Wayne Grudem's Systematic Theology has been around now for a long time (1994). It has become a standard for fundamentalist America and, indeed, is probably the standard theology book available in Spanish.
This is problematic for me on two fronts. First, it is problematic for me since I am a Wesleyan-Arminian. When there is a great resource, people will use it. And this is a great resource. That means it will have what you might call "accidental influence." If a person has a firm theology in some area that disagrees with it, a person will simply disagree on that point. But if a person has no opinion on a particular issue or is undecided, they are likely to be influenced when there may actually be another position more consistent with their base theology. In effect, good resources from other traditions create traditional hybrids and mutants often without the user even realizing it.
This is particularly problematic because, on a second front, Grudem is a fundamentalist as I define one. A fundamentalist, as I am defining it, is a person who engages the modern world--history and science in particular--from a posture that seeks to defend and maintain as much as possible a pre-modern view of the world. Evangelical thinking, in this regard, is not always entirely different in kind, more in degree. Evangelical thinkers are less pre-modern, less unreflective, more willing to engage and take seriously the canons of contextual, historical interpretation as well as the canons of modern science.
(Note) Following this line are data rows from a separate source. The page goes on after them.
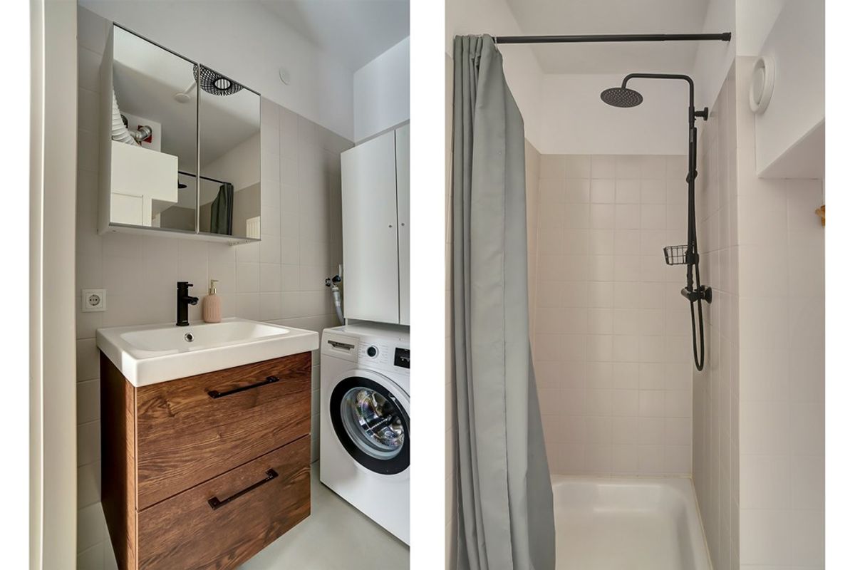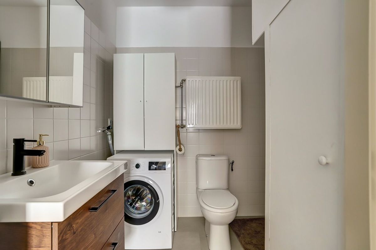 De hal biedt ruimte voor een garderobe en herbergt tevens de meterkast. Vanuit hier heb je toegang tot de netjes afgewerkte badkamer, voorzien van douche, wastafel, toilet, wasmachineaansluiting en de CV-installatie.
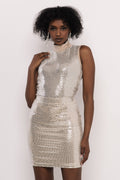 Az AMNESIA Manni felső a csillogás és a modern stílus tökéletes ötvözete. Flitteres, szűk fazonja kiemeli az alakot, miközben a rövid garbó és az ujjatlan kialakítás elegáns és trendi megjelenést biztosít. Fekete és ezüst színekben elérhető, így ideális választás különleges alkalmakra vagy parti outfitekhez. Egy figyelemfelkeltő darab, amely garantáltan ragyogást visz a megjelenésedbe! Viseld a hozzá tervezett AMNESIA Venda szoknyával!
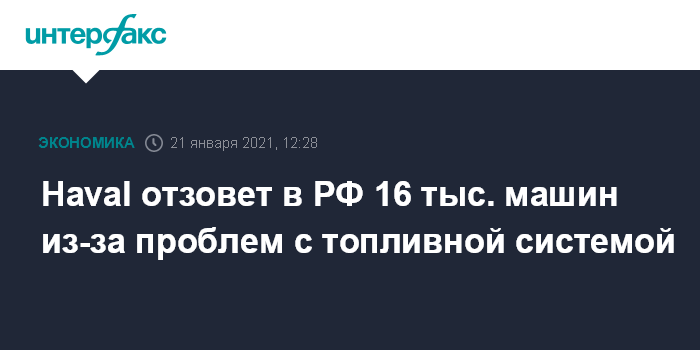 Haval отзовет в РФ 16 тыс. машин из-за проблем с топливной системой
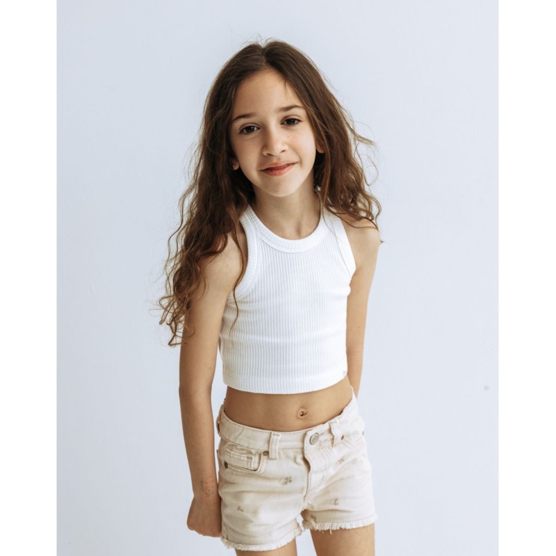 The collection is made of ribbed fabric combined with high-quality textural cotton for maximum comfort with spring prints and sweet details. Rib tank top. Comes in sizes 2-3 to 7-8. Washing instructions according to the label.
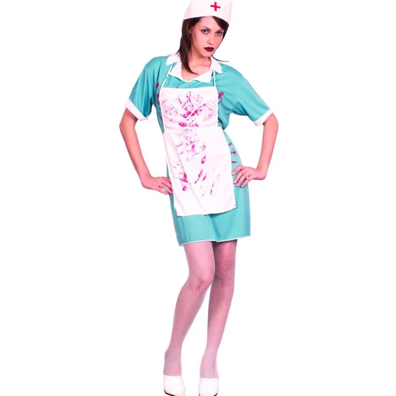 Disfraz de enfermera malvada compuesto de vestido, delantal ensangrentado y gorro. NO incluye medias y zapatos. Talla 38 (Altura 168cm, pecho 91cm, cintura 76cm, Talla S) orientación aproximada.
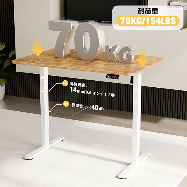 【頑丈な構造】高さ調節可能な昇降デスクフレームは頑丈なスチール製、耐荷重は70KG、 移動速度は毎秒14mm で、デスクを最も高いところまで上昇させても安定しています。ソフトスタート/ストップ機能により、デスクをスムーズかつ静かに動かすことができます。(<50dB)スマートハンドセットには、LEDディスプレイ、座る/立つ位置用の2つのメモリプリセット、およびチャイルドロックがあります。

Fundamentalist thinking is thus heavily "presuppositional" in nature, heavily deductive in orientation. It is generally not willing to modify its starting assumptions in the light of dissonant data. Rather, it applies its intellect to fitting the data into its initial, "fundamental" categories. It is thus inherently less objective, less truly interested in the truth, even while ironically touting quite vociferously that it is all about holding to the truth. But what it means is that it is vigorously interested in maintaining inherited traditions about what is true. In practice, it is interested in finding possible ways to maintain its starting assumptions, not in determining the most probable interpretation of the evidence.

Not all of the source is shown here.